Reputation: 377
I know you can get the average, total, min, and max over a subset of the data using a window function. But is it possible to get, say, the median, or the 25th percentile instead of the average with the window function?
Put another way, how do I rewrite this to get the id and the 25th or 50th percentile sales numbers within each district rather than the average?
SELECT id, avg(sales)
OVER (PARTITION BY district) AS district_average
FROM t
Upvotes: 8
Views: 14729
Reputation: 10335
Another way to to this without joining as in Gordon's solution is by exploiting the array_agg
function which can be used as a window function:
create function pg_temp.percentile_cont_window
(c double precision[], p double precision)
returns double precision
language sql
as
$$
with t1 as (select unnest(c) as x)
select percentile_cont(p) WITHIN GROUP (ORDER BY x) from t1;
$$
;
-- -- -- -- -- -- -- -- --
-- Usage examples:
create temporary table t1 as (
select 1 as g, 1 as x
union select 1 as g, 2 as x
union select 2 as g, 3 as x
);
-- Built-in function raises an error if used without group:
-- Error: OVER is not supported for ordered-set aggregate percentile_cont
select *, percentile_cont(.1) within group (order by x) over() from t1;
-- Built-in function with grouping
select g, percentile_cont(.1) within group (order by x) from t1 group by g;
-- | g | percentile_cont |
-- |----:|------------------:|
-- | 1 | 1.1 |
-- | 2 | 3 |
-- Custom function basic usage (note that this is without grouping)

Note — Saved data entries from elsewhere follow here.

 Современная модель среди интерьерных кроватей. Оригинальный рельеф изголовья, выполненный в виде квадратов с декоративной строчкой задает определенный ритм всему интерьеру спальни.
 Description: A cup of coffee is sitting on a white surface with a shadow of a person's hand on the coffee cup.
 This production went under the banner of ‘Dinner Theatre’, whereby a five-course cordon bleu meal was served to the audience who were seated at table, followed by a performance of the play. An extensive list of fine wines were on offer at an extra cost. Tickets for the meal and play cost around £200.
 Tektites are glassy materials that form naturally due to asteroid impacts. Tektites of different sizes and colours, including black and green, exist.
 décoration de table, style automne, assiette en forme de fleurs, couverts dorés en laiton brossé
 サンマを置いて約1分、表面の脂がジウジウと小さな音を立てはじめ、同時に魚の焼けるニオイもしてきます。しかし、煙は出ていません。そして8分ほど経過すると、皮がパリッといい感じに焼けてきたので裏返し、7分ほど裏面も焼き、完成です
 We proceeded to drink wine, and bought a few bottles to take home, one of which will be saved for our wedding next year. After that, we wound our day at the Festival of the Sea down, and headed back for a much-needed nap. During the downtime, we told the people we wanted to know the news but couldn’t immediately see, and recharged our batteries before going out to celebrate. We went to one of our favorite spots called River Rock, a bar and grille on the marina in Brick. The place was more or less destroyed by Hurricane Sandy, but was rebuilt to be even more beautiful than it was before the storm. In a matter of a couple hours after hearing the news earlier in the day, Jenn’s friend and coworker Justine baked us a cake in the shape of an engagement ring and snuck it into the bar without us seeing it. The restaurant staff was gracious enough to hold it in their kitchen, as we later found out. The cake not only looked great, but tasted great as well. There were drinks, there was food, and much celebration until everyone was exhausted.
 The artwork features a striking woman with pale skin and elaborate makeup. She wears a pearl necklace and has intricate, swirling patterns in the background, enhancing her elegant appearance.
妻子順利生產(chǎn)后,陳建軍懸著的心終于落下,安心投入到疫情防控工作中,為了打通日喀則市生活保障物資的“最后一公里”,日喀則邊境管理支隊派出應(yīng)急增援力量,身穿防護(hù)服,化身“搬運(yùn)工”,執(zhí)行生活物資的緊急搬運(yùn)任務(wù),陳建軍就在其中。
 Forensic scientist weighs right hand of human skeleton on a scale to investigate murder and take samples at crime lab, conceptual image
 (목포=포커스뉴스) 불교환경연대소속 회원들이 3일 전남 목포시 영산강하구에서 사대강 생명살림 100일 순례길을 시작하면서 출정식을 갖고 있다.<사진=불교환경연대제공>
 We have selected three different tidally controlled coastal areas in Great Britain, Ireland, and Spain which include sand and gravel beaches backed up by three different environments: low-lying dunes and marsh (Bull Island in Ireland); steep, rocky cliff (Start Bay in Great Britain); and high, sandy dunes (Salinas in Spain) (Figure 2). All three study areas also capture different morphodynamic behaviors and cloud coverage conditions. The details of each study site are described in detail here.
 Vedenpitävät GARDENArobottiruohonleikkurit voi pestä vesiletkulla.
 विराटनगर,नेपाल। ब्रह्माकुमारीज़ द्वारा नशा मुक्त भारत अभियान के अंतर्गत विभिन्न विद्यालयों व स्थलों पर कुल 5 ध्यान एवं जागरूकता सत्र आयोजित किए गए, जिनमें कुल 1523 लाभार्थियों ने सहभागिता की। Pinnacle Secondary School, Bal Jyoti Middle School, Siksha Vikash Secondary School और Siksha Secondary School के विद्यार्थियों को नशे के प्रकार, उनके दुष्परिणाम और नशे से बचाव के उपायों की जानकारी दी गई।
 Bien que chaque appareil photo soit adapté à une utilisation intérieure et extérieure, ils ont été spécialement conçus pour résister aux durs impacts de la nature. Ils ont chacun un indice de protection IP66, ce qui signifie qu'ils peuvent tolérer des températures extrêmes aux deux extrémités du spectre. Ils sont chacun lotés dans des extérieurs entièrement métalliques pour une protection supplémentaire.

select t1.*, pg_temp.percentile_cont_window(array_agg(x) over(), .1) from t1;
-- | g | x | percentile_cont_window |
-- |----:|----:|-------------------------:|
-- | 1 | 2 | 1.2 |
-- | 1 | 1 | 1.2 |
-- | 2 | 3 | 1.2 |
-- Custom function usage with grouping is the same as using the built-in percentile_cont function
select t1.g, pg_temp.percentile_cont_window(array_agg(x), .1) from t1 group by g;
-- | g | percentile_cont_window |
-- |----:|-------------------------:|
-- | 2 | 3 |
-- | 1 | 1.1 |
Upvotes: 1
Reputation: 1269513
You can write this as an aggregation function using percentile_cont()
or percentile_disc()
:
select district, percentile_cont(0.25) within group (order by sales)
from t
group by district;
Unfortunately, Postgres doesn't currently support these as a window functions:
select id, percentile_cont(0.25) within group (order by sales) over (partition by district)
from t;
So, you can use a join
:
select t.*, p_25, p_75
from t join
(select district,
percentile_cont(0.25) within group (order by sales) as p_25,
percentile_cont(0.75) within group (order by sales) as p_75
from t
group by district
) td
on t.district = td.district
Upvotes: 16